1) it is pretty amazing that normit transformations (map the quantiles of a non-normal distribution onto a Gaussian and use that) don't seem to be on this guy's radar. We use distributions with linearly additive and affine invariant properties (normal plus normal is normal, bernoulli plus bernoulli is bitwise bernoulli) because we find linear algebra very useful. Nonparametric tests and procedures erode your power; normit transformations usually increase it. I did part of my dissertation on this; it's partly to do with asymptotics, but also partly due to the robustness of Gaussian error assumptions thanks to the CLT.

I realized recently that a lot of the trouble people have with training neural networks stems from their lack of training in basic model evaluation. If you stack a bunch of shitty penalized regressions (which is what linear/logistic + relU hinge loss represents) you now have one gigantic shitty regression which is harder to debug. If your early steps are thrown out of whack by outliers, your later steps will be too. Dropout is an attempt to remedy this, but you tend to lose power when you shrink your dataset or model, so (per usual) there really is no such thing as a free lunch. But most of the tradeoffs make more sense when you are able to evaluate each layer as a predictor/filter. Scaling this up to deep models is hard, therefore debugging deep models is hard. Not exactly a big leap.
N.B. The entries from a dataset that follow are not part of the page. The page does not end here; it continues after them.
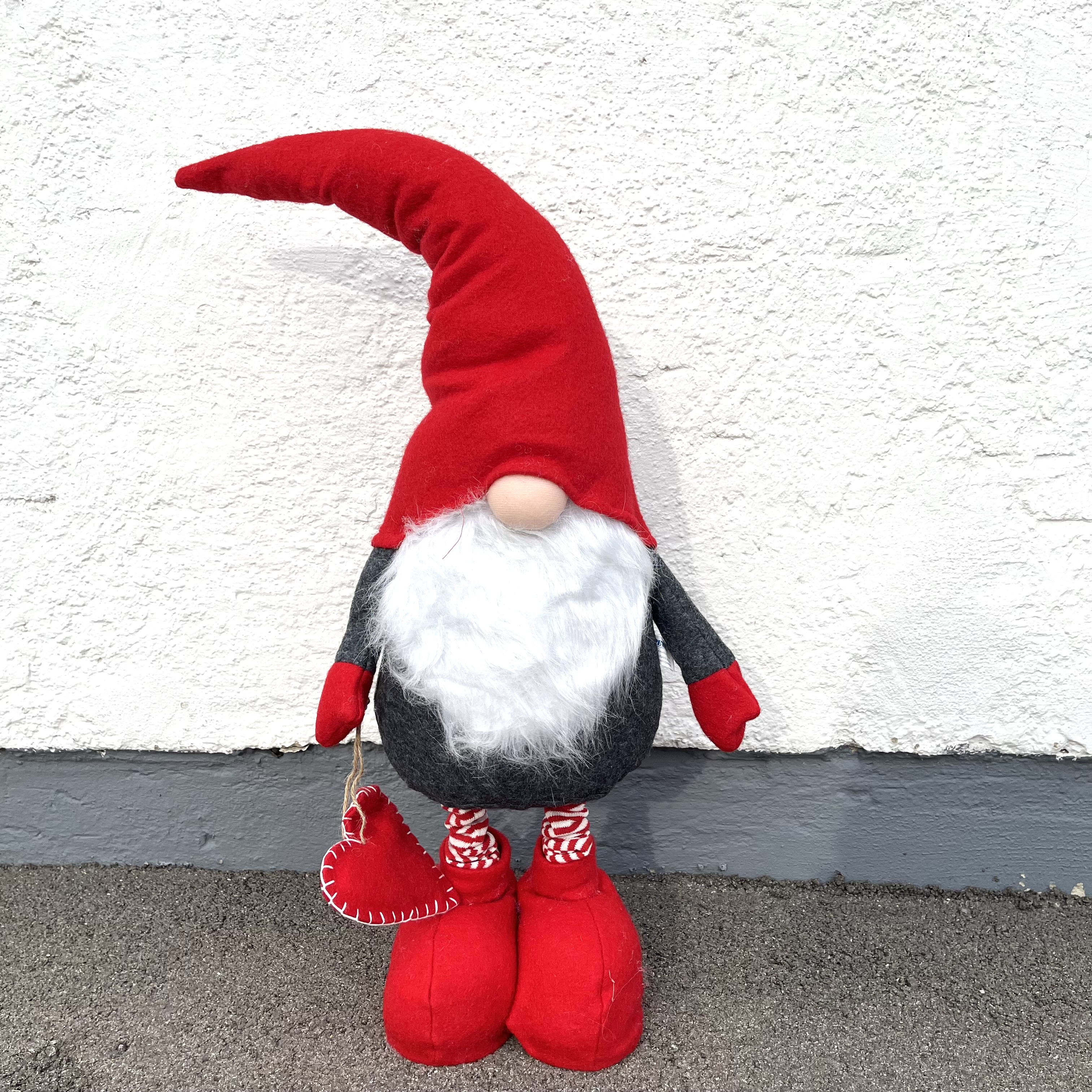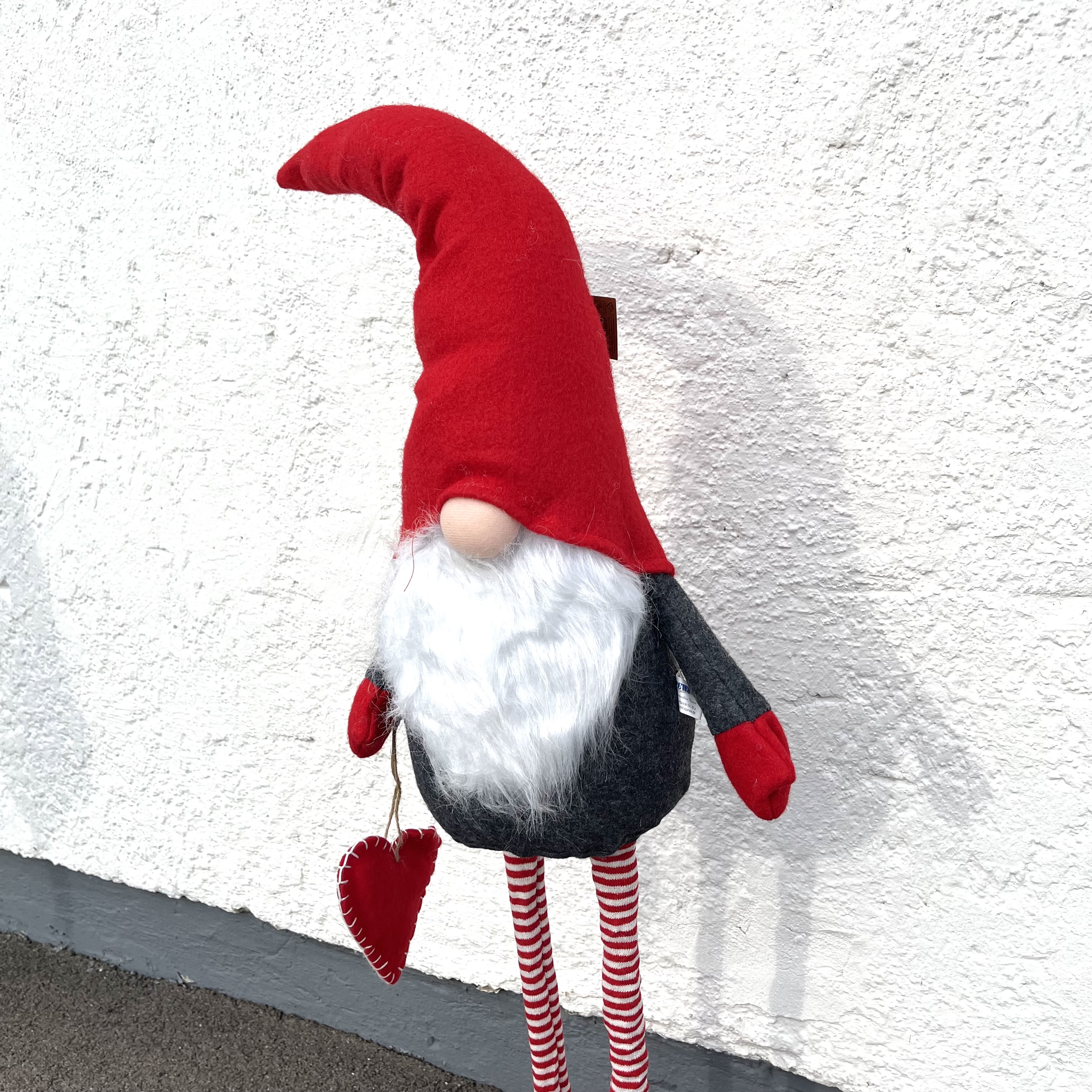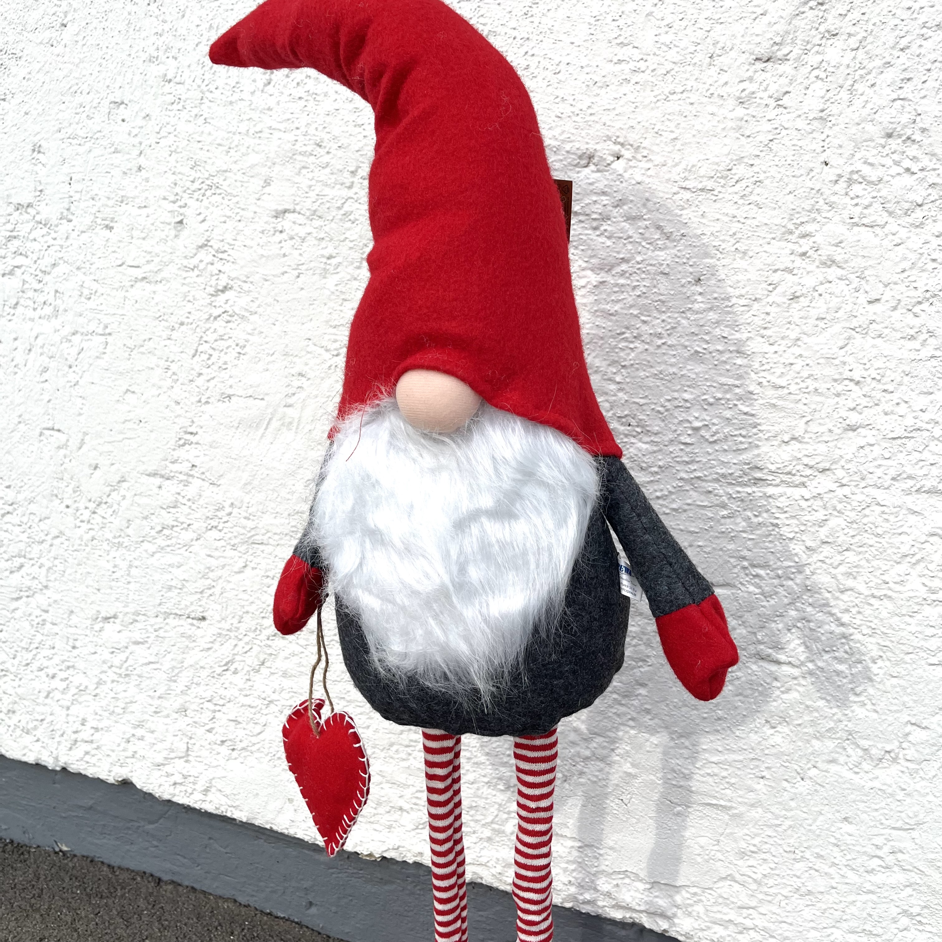 Dieser bezaubernde XL-Weihnachts-Deko-Wichtel aus Stoff mit Teleskop-Beinen ist eine wunderbare Ergänzung für Ihre winterliche Dekoration. Mit einer beeindruckenden Höhe von bis zu 120 cm wird er garantiert zum Blickfang in Ihrem Zuhause oder auch als Geschenkidee für einen lieben Menschen. Der Wichtel besticht durch sein süßes Aussehen und seine liebevollen Details. Er trägt eine große rote Zipfelmütze, die ihm ein niedliches Äußeres verleiht. In seiner Hand hält er ein Herz, was ihn noch herzlicher wirken lässt. Dieser kleine Kerl versprüht einfach Freude und zaubert jedem Betrachter ein kleines Lächeln ins Gesicht. Besonders interessant an diesem Deko-Wichtel sind jedoch seine Teleskop-Beine. Sie können ausgezogen werden, um dem Wichtel eine stattliche Größe von ca. 120 cm zu geben. Doch auch in eingezogenem Zustand macht der Wichtel mit seinen Maßen von 80 x 30 x18 cm eine gute Figur. Die Herstellung dieses XL-Deko-Wichtels erfolgte mit viel Liebe zum Detail, was sich in der Qualität des Produkts widerspiegelt. Der Wichtel steht stabil und sicher auf seinem Platz und kann somit bedenkenlos platziert werden. Ob als festliche Ergänzung Ihrer Wohnungseinrichtung während der Winterzeit oder als originelles Weihnachtsgeschenk - dieser charmante XL-Deko-Wichtel überzeugt auf ganzer Linie! Sein witziges Aussehen gepaart mit seiner hochwertigen Verarbeitung machen ihn zu einem absoluten Must-have für die Adventszeit und Weihnachten. Einfach zum Verlieben!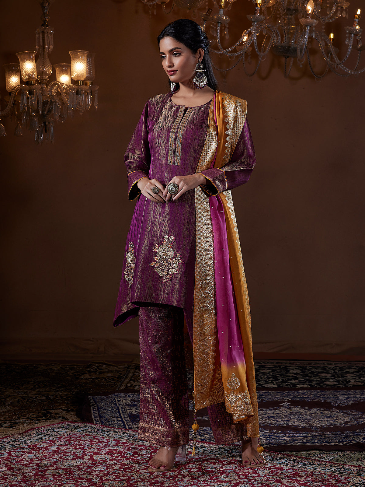 Rich in tone and texture, this plum zari jacquard suit set is a striking ode to refined Indian fashion. The kurta, woven in intricate self-design jacquard with a subtle chevron-inspired pattern, is beautifully accented with hand zardosi embroidery highlighting the neckline and blooming into statement motifs at the hem, creating a rich, artisanal finish. Coordinating wide-leg pants in shimmering zari jacquard lend depth with their textured weave and softly structured fall. The ombré dupatta in tones of gold melting into magenta is adorned with woven zari borders and delicate motifs, finished with elegant tassels for added charm. Designed for wedding soirées and celebratory evenings, this ensemble embodies contemporary ethnic wear with a regal, feminine presence.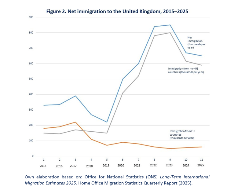 In response to growing public discontent, Rishi Sunak’s Conservative government, in the run-up to the 2024 parliamentary elections, raised the work visa income threshold from £23,000 to £38,700 (effective from 2025) in an attempt to limit the influx of low-skilled immigrants. At the same time, work began on an electronic travel authorisation (ETA) system, equivalent to the EU's EES system, which was intended to strengthen border controls and symbolically confirm the regained sovereignty after Brexit, and was finally introduced between February and April 2025. However, these measures did not resolve the paradox of the British economic model, which is that political pressure to restrict migration clashes with the economic need to maintain it. Immigrants have become indispensable for the functioning of public services and maintaining growth, but at the same time, they remain a source of social tensions that currently co-determine the British political scene.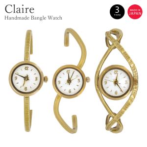 日本製 腕時計 レディース バングル ウォッチ ブレスレット クォーツ ゴールド 真鍮 女性 刻印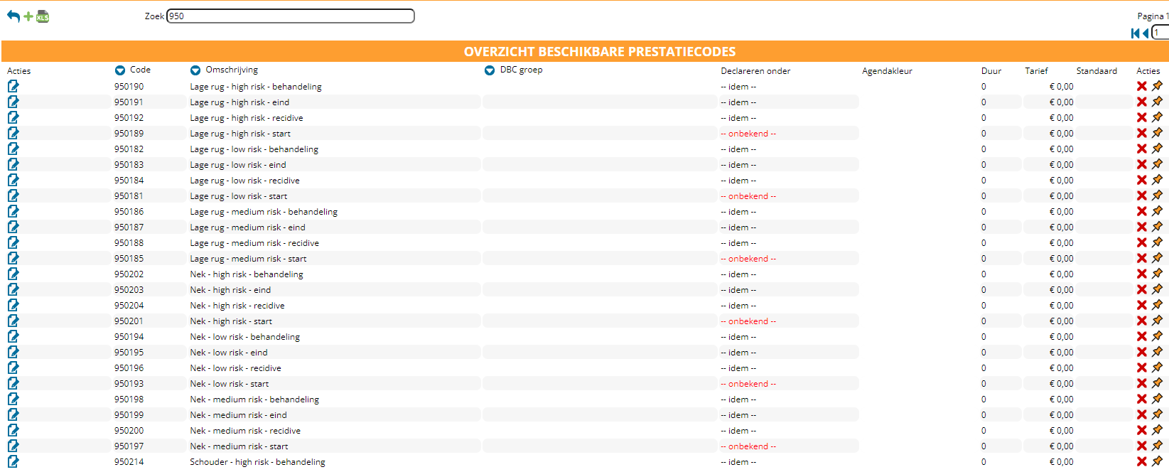 We hebben voor u de prestatiecodes klaargezet in FysioOne, zodat u deze makkelijk kunt configureren. U vindt deze als u naar configuratie > Declareren > Prestatiecodes gaat en in de zoekbalk zoekt op “950”.
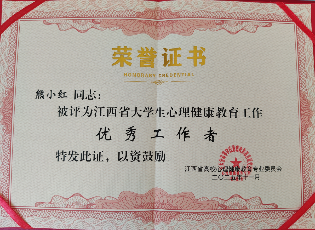 熊小紅老師憑借其在心理健康教育工作中的出色表現(xiàn),被評(píng)為江西省大學(xué)生心理健康教育工作“優(yōu)秀工作者”。熊小紅老師長(zhǎng)期投身于心理健康教育工作,以高度的責(zé)任心和敬業(yè)精神,時(shí)刻關(guān)注學(xué)生的心理動(dòng)態(tài),積極開展各種心理健康教育活動(dòng),為學(xué)生提供了及時(shí)、有效的心理支持和引導(dǎo),在校園內(nèi)營(yíng)造了關(guān)注心理健康、積極向上的良好氛圍。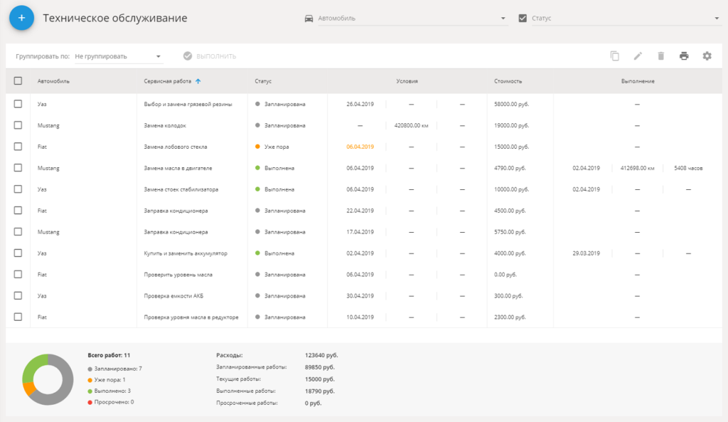 При помощи функции “Техобслуживание” вы сможете контролировать своевременное проведение регламентных и внеплановых работ в отношении корпоративного транспорта.

There is a reason people say "an expert is a master of the fundamentals". Building a castle on a swamp gives poor results. If you can't design an experiment to test your model and its assumptions, your model will suck. This is not rocket surgery. A GPU allows you to make more mistakes, faster, if that's what you want. If you have the fundamentals nailed down, and enough data to avoid overfitting, then nonlinear approaches can be incredibly powerful.

Most of the time a simple logistic regression will offer 80-90% of the power of a DNN, a kernel regression will offer 80-90% of the power of a CNN, and an HMM or Kalman filter will offer 80-90% of the power of an RNN. It's when you need that 10-20% "extra" to compete, and have the data to do it, that deeper or trickier architectures help.

If you can transform a bunch of correlated data so that it is 1) decorrelated and 2) close enough to Gaussian for government work, you suddenly get a tremendous amount of power from linear algebra and differential geometry "for free". This is one reason why Bayesian and graphical hierarchical mixed models work well -- you borrow information when you don't have enough to feed the model, and if you have some domain expertise, this allows you to keep the model from making stupid or impossible predictions.

Anyways. I have had fun lately playing with various deep, recurrent, and adversarial architectures. I don't mean to imply they aren't tremendously powerful in the right hands. But so is a Hole Hawg. Don't use a Hole Hawg when a paper punch is all you really need.

2) What (good) statisticians excel at is catching faulty assumptions. (I'll leave it to the reader to decide whether this data-scientist-for-hire has done a good job of that in his piece) So we plot our data, marginally or via projections, all the damned time. If you don't, sooner or later it will bite you in the ass, and then you too can join the ranks of the always-plotting. However, choosing which margins or conditional distributions to plot in a high-dimensional or sparse dataset is important to avoid wasting a lot of time. So whether via transformation or penalization (e.g. graphical lasso) or both, we usually try to prune things down and home on on "the good stuff". Prioritizing what to do first is most easily done if you have a number and can rank the putative significance by that number. Use Spearman, use energy statistics (distance correlation), use marginal score tests -- IDGAF, just use these as guidelines and plot the damned data.

Corollary: if someone shows you fancy plots and never simple ones containing clouds of individual data points, they're probably full of shit. Boxplots should be beeswarms, loess plots should have scatterplots (smoothed or otherwise) behind them. And for god's sake plot your residuals, either implicitly or explicitly.

3) see above. The author is good at fussing, and brings up some classical points. But they're not really his points. Median and MAD are more robust to outliers than mean and standard deviation, but that makes them less sensitive, too. Check your assumptions, plot everything, use the numbers as advisory quantities rather than final results.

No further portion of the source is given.